Benefits: - Prefill: Use fewer, more powerful GPUs (compute-bound) - Decode: Use more, cheaper GPUs (memory-bound) - Better overall cost efficiency

Challenges: - KV cache transfer latency - Complexity of distributed state

25.5 Speculative Decoding Advances

25.5.1 Beyond Simple Speculation

Chapter 14 covered basic speculative decoding. Advanced techniques:

1. Medusa: Multiple Heads

Add prediction heads that output multiple future tokens:

class MedusaModel(nn.Module):
    def __init__(self, base_model, num_heads=4):
        super().__init__()
        self.base = base_model
        # Each head predicts a different future position
        self.heads = nn.ModuleList([
            nn.Linear(hidden_dim, vocab_size)
            for _ in range(num_heads)
        ])

    def forward(self, x):
        hidden = self.base(x)  # [batch, seq, hidden]

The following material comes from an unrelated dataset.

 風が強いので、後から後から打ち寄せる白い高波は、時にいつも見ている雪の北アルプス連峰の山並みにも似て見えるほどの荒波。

        # Main prediction (next token)
        logits_0 = self.base.lm_head(hidden[:, -1:])

        # Speculative predictions (tokens 2, 3, 4, ...)
        speculative_logits = [
            head(hidden[:, -1:])
            for head in self.heads
        ]

        return logits_0, speculative_logits

Verification: Single forward pass verifies all speculative tokens.

2. EAGLE: Draft with Hidden States

Use hidden states, not tokens, for drafting:

class EAGLEDraft:
    """
    Draft using feature-level prediction.
    """
    def draft(self, hidden_states, num_tokens):
        drafts = []

        h = hidden_states
        for _ in range(num_tokens):
            # Predict next hidden state
            h_next = self.feature_predictor(h)

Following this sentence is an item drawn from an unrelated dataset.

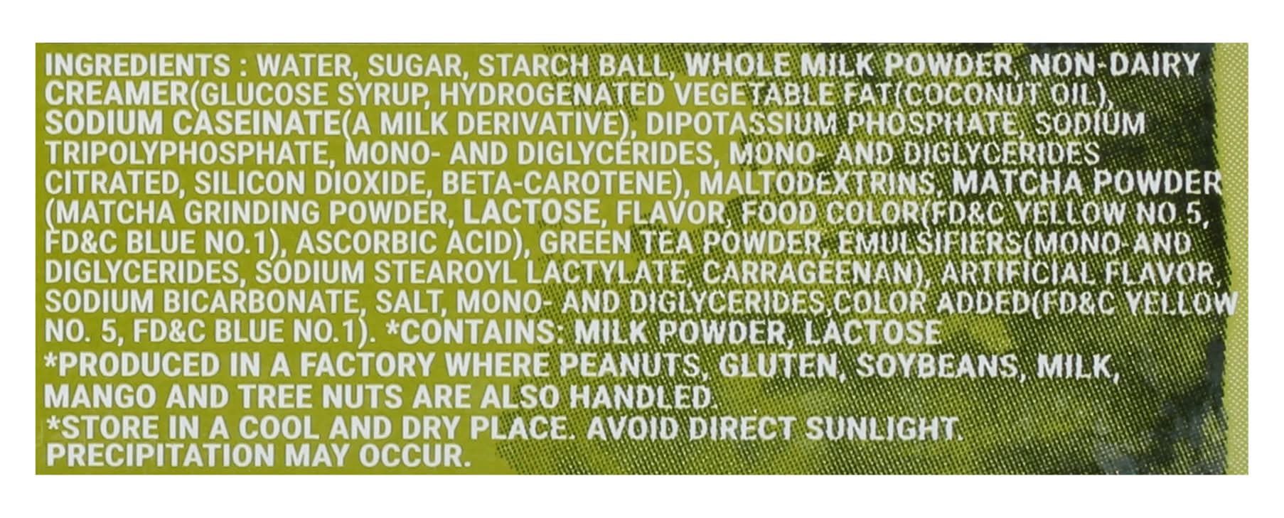 Ingredients: Water, Sugar, Starch Ball, Whole Milk Powder, Non-Dairy Creamer (Glucose Syrup, Hydrogenated Vegetable Fat (Coconut Oil), Sodium Caseinate (a Milk Derivative), Dipotassium Phosphate, Sodium Tripolyphosphate, Mono- and Diglycerides, Mono- and Diglycerides Citrated, Silicon Dioxide, Beta-Carotene), Maltodextrins, Matcha Powder (Matcha Grinding Powder, Lactose, Flavor, Food Color (FD&C Yellow 5, FD&C Blue 1), Ascorbic Acid), Green Tea Powder, Emulsifiers (Mono-and Diglycerides, Sodium Stearoyl Lactylate, Carrageenan), Artificial Flavor, Sodium Bicarbonate, Salt, Mono- and Diglycerides, Color Added (FD&C Yellow 5, FD&C Blue 1) Contains: Lactose, Tree Nuts, Coconuts, Milk, Peanuts, Gluten, Soybeans, Tree Nuts, Milk

            # Decode to token
            logits = self.lm_head(h_next)
            token = logits.argmax(-1)

            drafts.append(token)
            h = h_next

        return drafts

Advantage: Captures more information than token-level drafting.

3. Lookahead Decoding

Speculate using n-gram patterns from the input:

def lookahead_decode(model, prompt, n=5):
    """
    Use n-grams from prompt to speculate future tokens.
    """
    # Build n-gram table from prompt
    ngrams = extract_ngrams(prompt, n)

    tokens = prompt
    while not done:
        # Get current n-gram
        current_ngram = tuple(tokens[-n:])

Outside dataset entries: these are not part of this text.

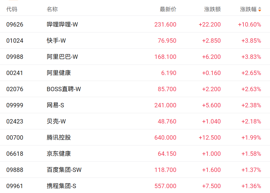 从盘面表现看,科技、游戏、锂电池及消费电子板块成为市场领涨主力,其中科技股表现尤为亮眼。截至午间收盘,哔哩哔哩-W(09626.HK)、快手-W(01024.HK)、阿里巴巴-W(09988.HK)分别上涨10.60%、3.85%、3.83%,引领科网股走强。
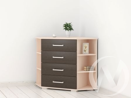 Комод «Катрин-7». Угловая модель комода «Катрин-7» позволит вам освободить достаточное количество места и рационально распорядиться свободным пространством жилой зоны. Комод имеет 4 просторных выдвижных ящика посередине, и открытые полки по краям модели, которые вы сможете оформить декоративными элементами интерьера, гармонично дополняющие общий стиль комнаты. Цветовое решение дуб молочный/венге отлично подойдёт для интерьера в сдержанном классическом стиле, а дуб сонома/ясень шимо-вариант для комнаты в благородном стиле модерн.
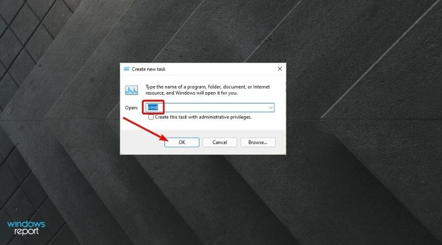 - 然后,在文本框中键入cmd并单击确定按钮或敲击Enter键盘。

        if current_ngram in ngrams:
            # Speculate based on seen pattern
            speculation = ngrams[current_ngram]
            # Verify with single forward pass
            verified = verify(model, tokens, speculation)
            tokens.extend(verified)
        else:
            # Standard decoding
            next_token = model.decode_one(tokens)
            tokens.append(next_token)

    return tokens

25.6 Batch Scheduling Strategies

25.6.1 Priority-Based Scheduling

Not all requests are equal:

class PriorityScheduler:
    def __init__(self):
        self.queues = {
            'realtime': deque(),   # Interactive chat
            'standard': deque(),   # API requests
            'batch': deque()       # Background jobs
        }
        self.weights = {'realtime': 10, 'standard': 5, 'batch': 1}

    def select_batch(self, max_tokens):
        """
        Weighted fair scheduling across priority classes.
        """
        batch = []
        tokens_used = 0

        # Round-robin with weights
        for priority in ['realtime', 'standard', 'batch']:
            weight = self.weights[priority]
            queue = self.queues[priority]

            for _ in range(weight):
                if queue and tokens_used < max_tokens:
                    req = queue.popleft()
                    batch.append(req)
                    tokens_used += req.tokens_needed

        return batch

25.6.2 Preemption

Sometimes you need to preempt running requests:

class PreemptibleScheduler:
    def __init__(self, preemption_threshold_ms=100):
        self.threshold = preemption_threshold_ms

    def maybe_preempt(self, running_requests, new_request):
        """
        Preempt low-priority request if high-priority arrives.
        """
        if new_request.priority != 'realtime':
            return None  # Only preempt for realtime

        # Find lowest priority request
        for req in sorted(running_requests, key=lambda r: r.priority):
            if req.priority == 'batch':
                # Save state for later resumption
                saved_state = self.save_kv_cache(req)
                self.queues['batch'].appendleft((req, saved_state))
                return req  # Preempt this one

        return None

25.7 Multi-Model Serving

25.7.1 Model Multiplexing

Serve multiple models efficiently:

class MultiModelServer:
    def __init__(self, gpu_memory_gb=80):
        self.memory_budget = gpu_memory_gb * 1e9
        self.loaded_models = {}  # model_id -> model
        self.model_sizes = {}

    def load_model(self, model_id):
        """Load model, evicting others if necessary."""
        size = self.get_model_size(model_id)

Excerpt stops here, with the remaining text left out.